The Effects of Preperitoneal Carbon Dioxide Insufflation on Cardiopulmonary Function in Pigs

BACKGROUND AND OBJECTIVES: Although considerable experimental and clinical knowledge exists on the physiology of pneumoperitoneum, insufflation of the preperitoneal space has not been extensively studied. The purpose of this study is to evaluate the physiology associated with preperitoneal carbon dioxide (CO(2)) insufflation in a porcine model. METHODS: Eleven pigs weighing 35 to 45 kg were anesthetized and placed on mechanical ventilation. A pulmonary artery catheter and an arterial line were inserted. Balloon dissection of the preperitoneal space and insufflation to 10 mm Hg for 1.5 hours, followed by an increase to 15 mm Hg for an additional 1.5 hours, was performed. Hemodynamic and arterial blood gas values were determined every 15 minutes throughout the stabilization and three-hour insufflation period. Hemodynamic parameters and blood gas values were analyzed using one-way analysis of variance with respect to insufflation time and pressure. RESULTS: Analysis of hemodynamics (CO, CVP, PAD, PAS, PCWP) did not demonstrate statistical significance with respect to time. However, there was a statistical difference in CO (p=.01), CVP (p<.01), and PCWP (p=.034) when comparing a pressure of 15 mm Hg to a pressure of 10 or 0 mm Hg. The other parameters did not demonstrate significant differences among the three pressure groups.
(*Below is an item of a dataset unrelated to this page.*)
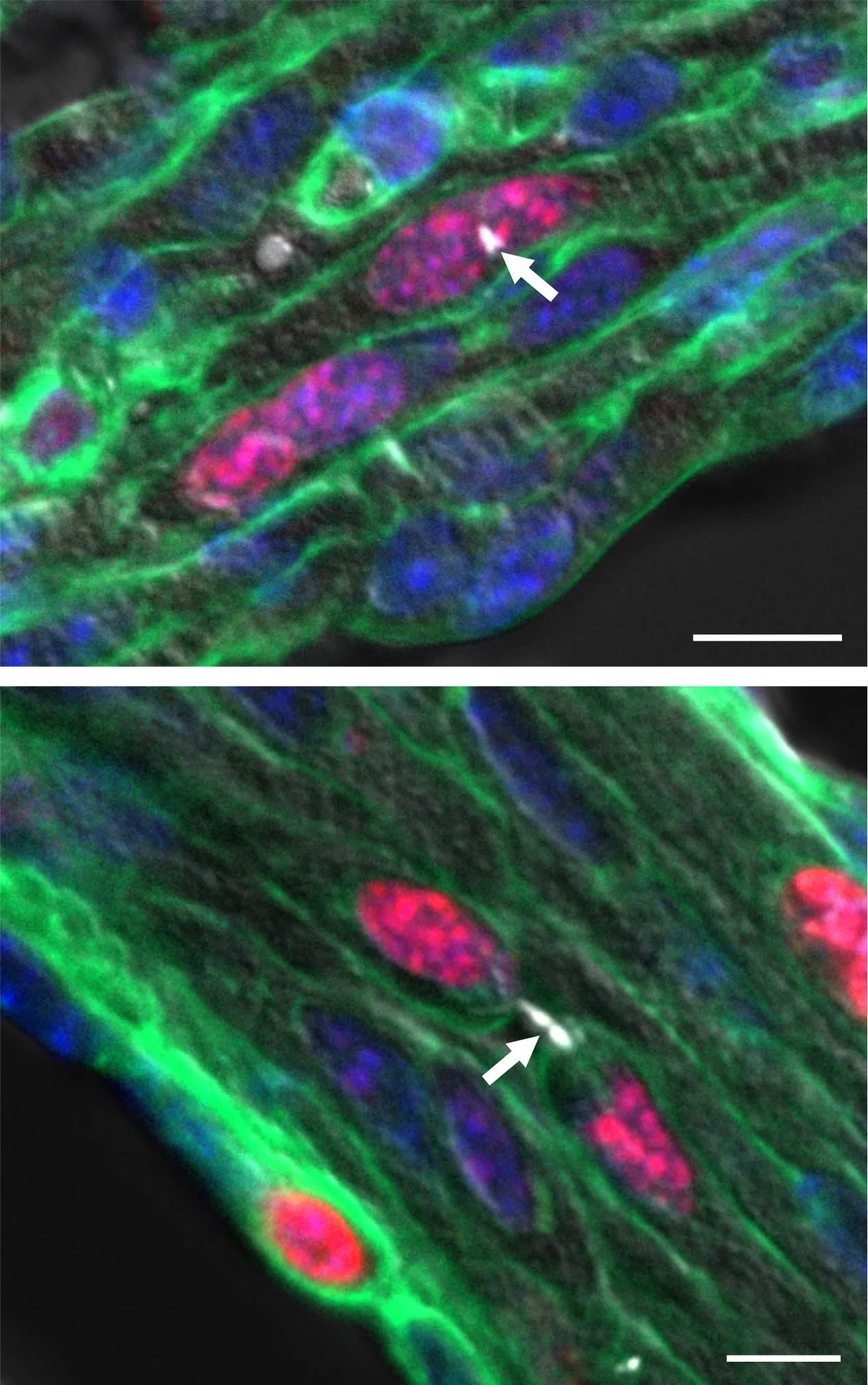 in einem Gewebsschnitt des Mausherzens. Der Mittelkörper (weiß; Pfeil) ist in der oberen Abbildung etwas zum Rand verschoben; zudem liegen die Kerne (rot) hier näher beieinander als bei der sich teilenden Zelle.

Arterial PCO(2) and pH were highly significant with respect to time (p<.01 and P<.01, respectively) and among the pressure groups (p<.01 and P<.01, respectively). CONCLUSIONS: Insufflation of the preperitoneal space with CO(2) gas does not cause significant alterations in hemodynamics and blood gas changes at a pressure of 10 mm Hg. However, when a pressure of 15 mm Hg is used to insufflate this space, there is evidence of decreased pH and cardiac output, with elevated CVP and CO(2) retention. This correlates with greater pneumodissection of the gas within the layers of the abdominal wall when elevated pressures are used.